For administration by inhalation, the proteins for use according to the present invention are conveniently delivered in the form of an aerosol spray from pressurized packs or a nebulizer, with the use of a suitable propellant, e.g., dichlorodifluoromethane, trichlorofluoromethane. dichlorotetrafluoroethane, carbon dioxide or other suitable gas. In the case of a pressurized aerosol the dosage unit may be determined by providing a valve to deliver a metered amount. Capsules and cartridges of e.g. gelatin for use in an inhaler or insufflator may be formulated containing a powder mix of the compound and a suitable powder base such as lactose or starch.
The proteins may also be formulated in rectal or vaginal compositions such as suppositories or retention enemas, e.g, containing conventional suppository bases such as cocoa butter or other glycerides.
In addition to the formulations described previously, the proteins may also be formulated as a depot preparation. Such long acting formulations may be administered by implantation (for example subcutaneously or intramuscularly) or by intramuscular injection. Thus, for example, the proteins may be formulated with suitable polymeric or hydrophobic materials (for example as an emulsion in an acceptable oil) or ion exchange resins, or as sparingly soluble derivatives, for example, as a sparingly soluble salt.
Alternatively, other pharmaceutical delivery systems may be employed. Liposomes and emulsions are well known examples of delivery vehicles that may be used to deliver the proteins or peptides of the invention. Certain organic solvents such as dimethylsulfoxide also may be employed, although usually at the cost of greater toxicity. Additionally, the proteins may be delivered using a sustained-release system, such as semipermeable matrices of solid polymers containing the therapeutic agent. Various sustained-release materials have been established and are well known by those skilled in the art. Sustained-release capsules may, depending on their chemical nature, release the proteins for a few weeks up to over 100 days. Depending on the chemical nature and the biological stability of the therapeutic reagent, additional strategies for protein stabilization may be employed.
As the proteins of the invention may contain charged side chains or termini, they may be included in any of the above-described formulations as the free acids or bases or as pharmaceutically acceptable salts. Pharmaceutically acceptable salts are those salts which
substantially retain the biologic activity of the free bases and which are prepared by reaction with inorganic acids.

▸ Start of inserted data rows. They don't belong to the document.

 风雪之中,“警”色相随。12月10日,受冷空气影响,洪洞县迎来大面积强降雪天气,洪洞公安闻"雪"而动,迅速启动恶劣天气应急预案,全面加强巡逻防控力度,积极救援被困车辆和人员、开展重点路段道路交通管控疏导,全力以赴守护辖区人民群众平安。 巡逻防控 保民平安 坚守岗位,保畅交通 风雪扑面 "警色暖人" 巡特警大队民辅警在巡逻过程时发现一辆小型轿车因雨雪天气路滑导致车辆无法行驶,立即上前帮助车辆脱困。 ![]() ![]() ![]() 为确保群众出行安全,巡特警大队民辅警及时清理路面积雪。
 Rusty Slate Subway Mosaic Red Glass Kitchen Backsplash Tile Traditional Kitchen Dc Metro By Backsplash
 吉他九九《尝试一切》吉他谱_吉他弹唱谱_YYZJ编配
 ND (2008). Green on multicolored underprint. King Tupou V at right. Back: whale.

Pharmaceutical salts tend to be more soluble in aqueous and other protic solvents than are the corresponding free base forms.
5.8.2. EFFECTIVE DOSAGES
EL polypeptides, EL fragments and anti-EL antibodies will generally be used in an amount effective to achieve the intended puφose. The proteins of the invention, or pharmaceutical compositions thereof, are administered or applied in a therapeutically effective amount. By therapeutically effective amount is meant an amount effective ameliorate or prevent the symptoms, or prolong the survival of, the patient being treated. Determination of a therapeutically effective amount is well within the capabilities of those skilled in the art, especially in light of the detailed disclosure provided herein.

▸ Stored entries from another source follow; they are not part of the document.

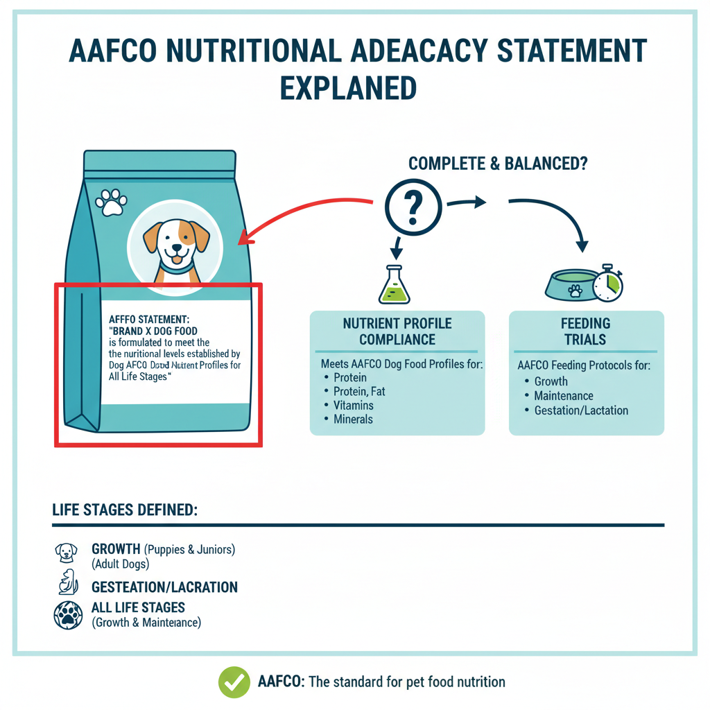 When a food bears the AAFCO nutritional adequacy statement, it confirms that the product meets established criteria for being complete and balanced for certain life stages or sizes. This assurance means the food either meets nutrient profiles recognized by AAFCO or has passed feeding trials.
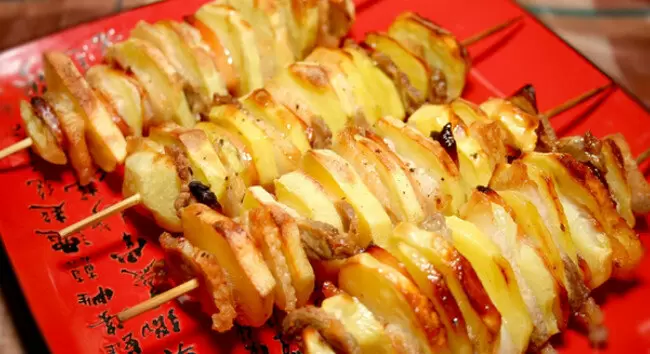 6. На деревянные шпажки нанизывают картофельные кружки, чередуя их с кусочками сала и бекона.
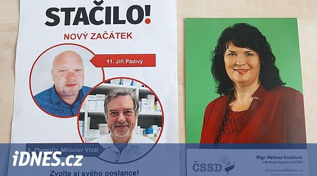 A na druhém letáku, který si zhotovil její manžel, brtnický lékárník Miloslav Vrzal, je logo Stačilo! Za něj jako člen KSČM Vrzal kandiduje. Z jeho letáku je zřejmé, že by byl rád, kdyby ho na šestém místě kandidátky voliči zakroužkovali.

For systemic administration, a therapeutically effective dose can be estimated initially from in vitro assays. For example, a dose can be formulated in animal models to achieve a circulating concentration range that includes the IC50 as determined in cell culture. Such information can be used to more accurately determine useful doses in humans.

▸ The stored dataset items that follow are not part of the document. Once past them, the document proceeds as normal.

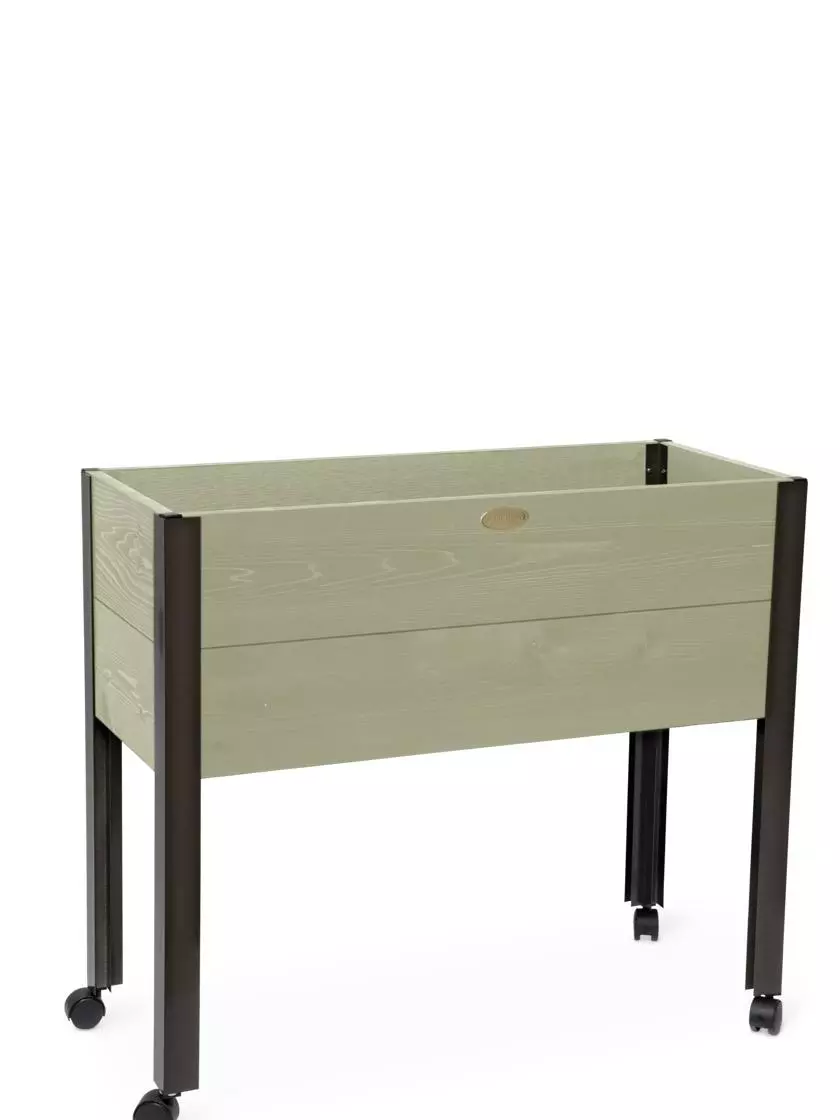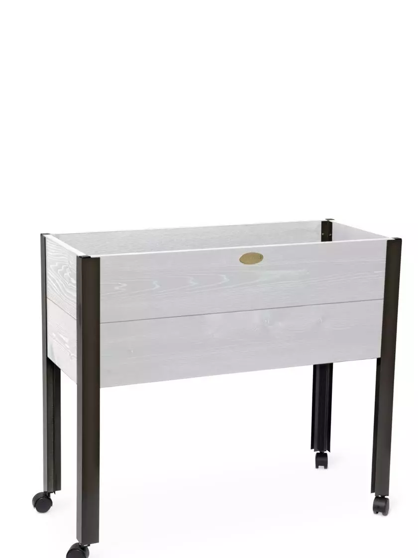Grow an abundance of food and flowers in a compact space. This lovely planter box is made of rot-resistant wood, coated with eco-friendly, food-safe PolyWhey® stain. It features our signature lifetime aluminum legs, and casters make it easy to roll around on your deck or patio. With a 10.5″ planting depth, this garden box is perfect for herbs, veggies, edible flowers, or an entire salsa garden. No-bend gardening is easier on your back and knees, and you’ll have fewer weeds to deal with too!
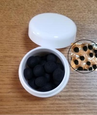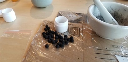 これで正露丸のできあがり〜? ・・・・ではなかった 『練り香』のできあがりです。 (実は正露丸を連想して頂くとホントに実物感があるのです。それほどよく似ています) 今回、作り始めるまでは少々難しいのではと危惧していたのですが、玉初堂のイケメンさん(済みません名前を失念してしまいました)のご指導よろしきを得て実に簡単に練香が出来上がりました。素晴らしいマイ練香です。でも長期の保存は難しいと承りましたので(現在は小さな容器に密閉し冷蔵庫保存をしています。2年間位は保つらしい) ゆったりまったりした折り、このマイ練香を焚き、雅な非日常生活を味わいたいものと思っています。
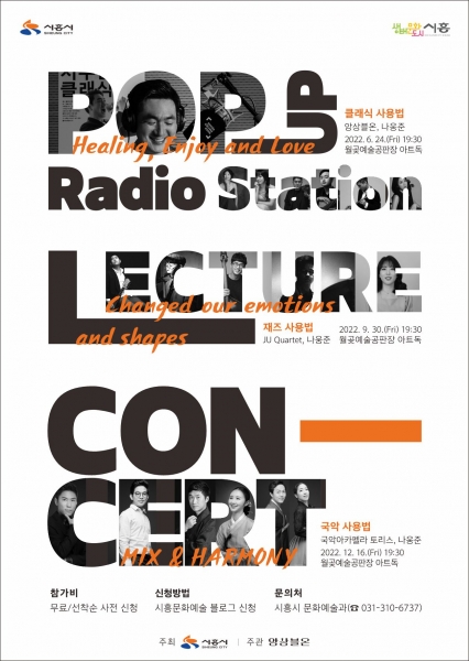 [금요저널] 시흥시는 시민들의 일상 속 문화 경험을 확대하고 예술적 감각을 공유하는 문화공감학교‘Pop-Up Radio Station’렉쳐콘서트를 월곶예술공판장 아트독에서 다음달 16일 진행한다.
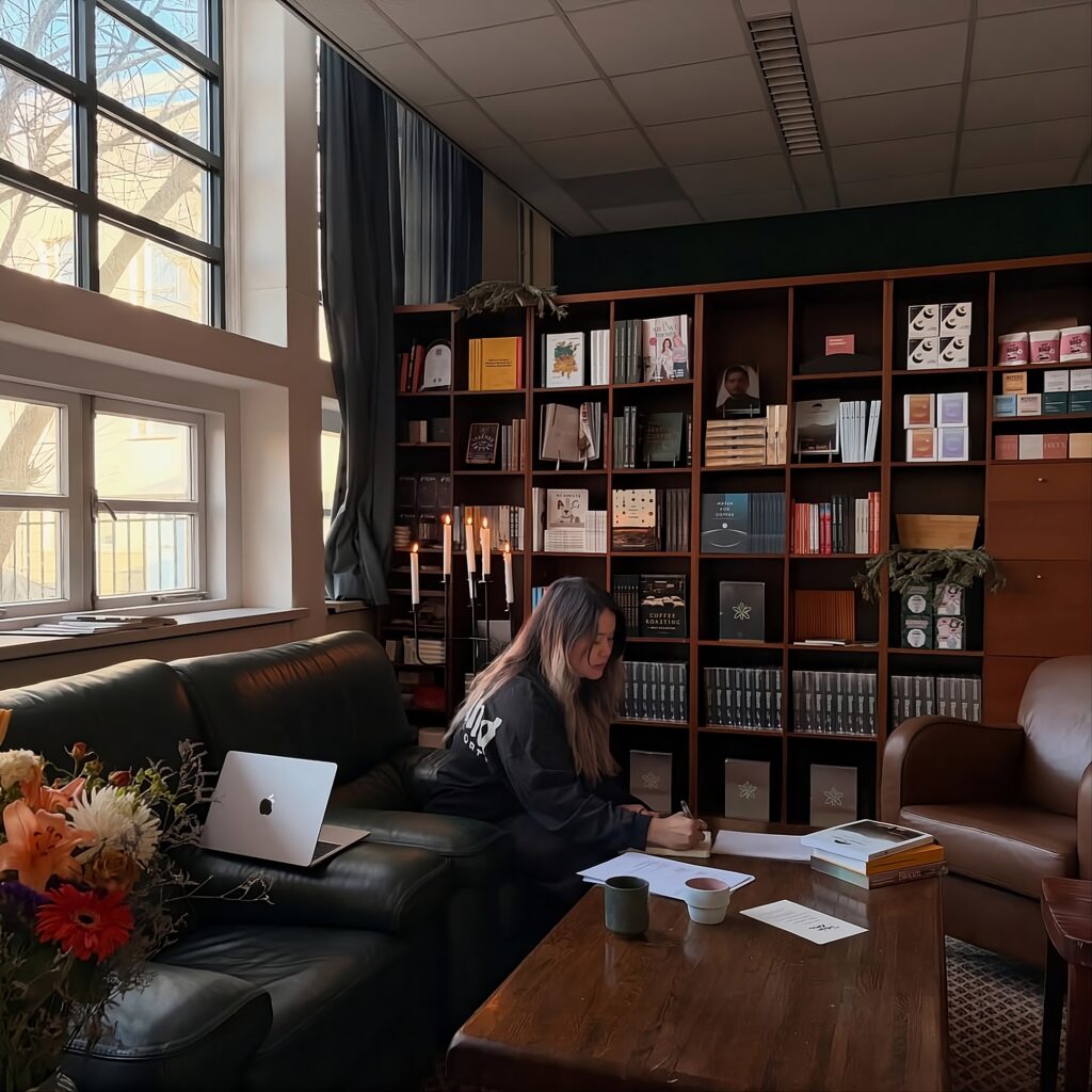 Rak bukunya mencerminkan cara berpikir itu. Sebuah buku anak-anak bisa berdampingan dengan teks teknis tentang ekstraksi espresso. Novel fantasi bertema kafe dapat muncul di samping biografi tokoh industri kopi.

Initial dosages can also be estimated from in vivo data, e.g., animal models, using techniques that are well known in the art. One having ordinary skill in the art could readily optimize administration to humans based on animal data. Dosage amount and interval may be adjusted individually to provide plasma levels of the proteins which are sufficient to maintain therapeutic effect. Usual patient dosages for administration by injection range from about 0.1 to 5 mg/kg/day, preferably from about 0.5 to 1 mg/kg/day. Therapeutically effective serum levels may be achieved by administering multiple doses each day. In cases of local administration or selective uptake, the effective local concentration of the proteins may not be related to plasma concentration. One having skill in the art will be able to optimize therapeutically effective local dosages without undue experimentation. The amount of EL administered will, of course, be dependent on the subject being treated, on the subject's weight, the severity of the affliction, the manner of administration and the judgment of the prescribing physician.
The therapy may be repeated intermittently while symptoms detectable or even when they are not detectable. The therapy may be provided alone or in combination with other drugs. In the case of hypercholesterolemia, other conventional drugs may be used in combination with EL or fragments thereof. 5
5.8.3. TOXICITY Preferably, a therapeutically effective dose of the proteins described herein will provide therapeutic benefit without causing substantial toxicity.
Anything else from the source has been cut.